## SUPPLIED DATA
★ ★ ★ ★ ★ ★ ★

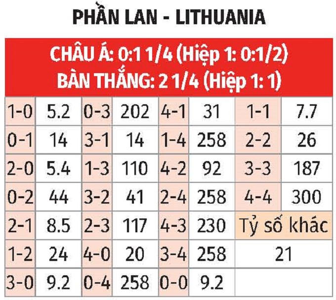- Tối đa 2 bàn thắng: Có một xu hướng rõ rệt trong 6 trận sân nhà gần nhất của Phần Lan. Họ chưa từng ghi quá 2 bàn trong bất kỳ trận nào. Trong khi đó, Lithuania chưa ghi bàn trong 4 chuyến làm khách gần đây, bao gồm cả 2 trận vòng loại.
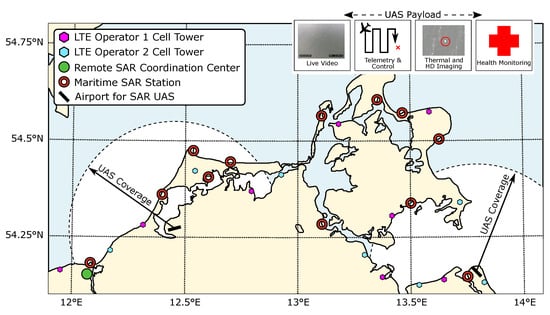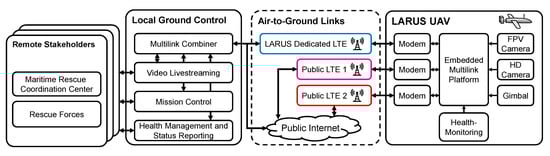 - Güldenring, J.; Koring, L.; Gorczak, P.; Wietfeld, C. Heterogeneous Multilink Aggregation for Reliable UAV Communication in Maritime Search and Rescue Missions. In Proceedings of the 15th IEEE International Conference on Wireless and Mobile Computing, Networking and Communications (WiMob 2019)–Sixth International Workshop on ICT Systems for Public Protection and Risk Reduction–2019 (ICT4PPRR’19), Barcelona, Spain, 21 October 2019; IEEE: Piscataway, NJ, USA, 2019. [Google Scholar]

★ ★ ★ ★ ★ ★ ★

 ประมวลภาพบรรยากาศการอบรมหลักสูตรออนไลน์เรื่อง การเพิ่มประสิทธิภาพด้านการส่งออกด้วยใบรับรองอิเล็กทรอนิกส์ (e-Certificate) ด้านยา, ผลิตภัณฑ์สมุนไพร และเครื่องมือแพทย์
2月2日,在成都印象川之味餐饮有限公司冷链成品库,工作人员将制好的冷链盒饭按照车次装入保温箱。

★ ★ ★ ★ ★ ★ ★

## PROBLEM TO SOLVE
Working from the entries above, reproduce exactly and only the lines beginning with the line that has "- Tối đa 2 bàn" and ending with the line that has "- Güldenring, J.;"; omit all pictures.

## EXERCISE SOLUTION
- Tối đa 2 bàn thắng: Có một xu hướng rõ rệt trong 6 trận sân nhà gần nhất của Phần Lan. Họ chưa từng ghi quá 2 bàn trong bất kỳ trận nào. Trong khi đó, Lithuania chưa ghi bàn trong 4 chuyến làm khách gần đây, bao gồm cả 2 trận vòng loại.
 - Güldenring, J.; Koring, L.; Gorczak, P.; Wietfeld, C. Heterogeneous Multilink Aggregation for Reliable UAV Communication in Maritime Search and Rescue Missions. In Proceedings of the 15th IEEE International Conference on Wireless and Mobile Computing, Networking and Communications (WiMob 2019)–Sixth International Workshop on ICT Systems for Public Protection and Risk Reduction–2019 (ICT4PPRR’19), Barcelona, Spain, 21 October 2019; IEEE: Piscataway, NJ, USA, 2019. [Google Scholar]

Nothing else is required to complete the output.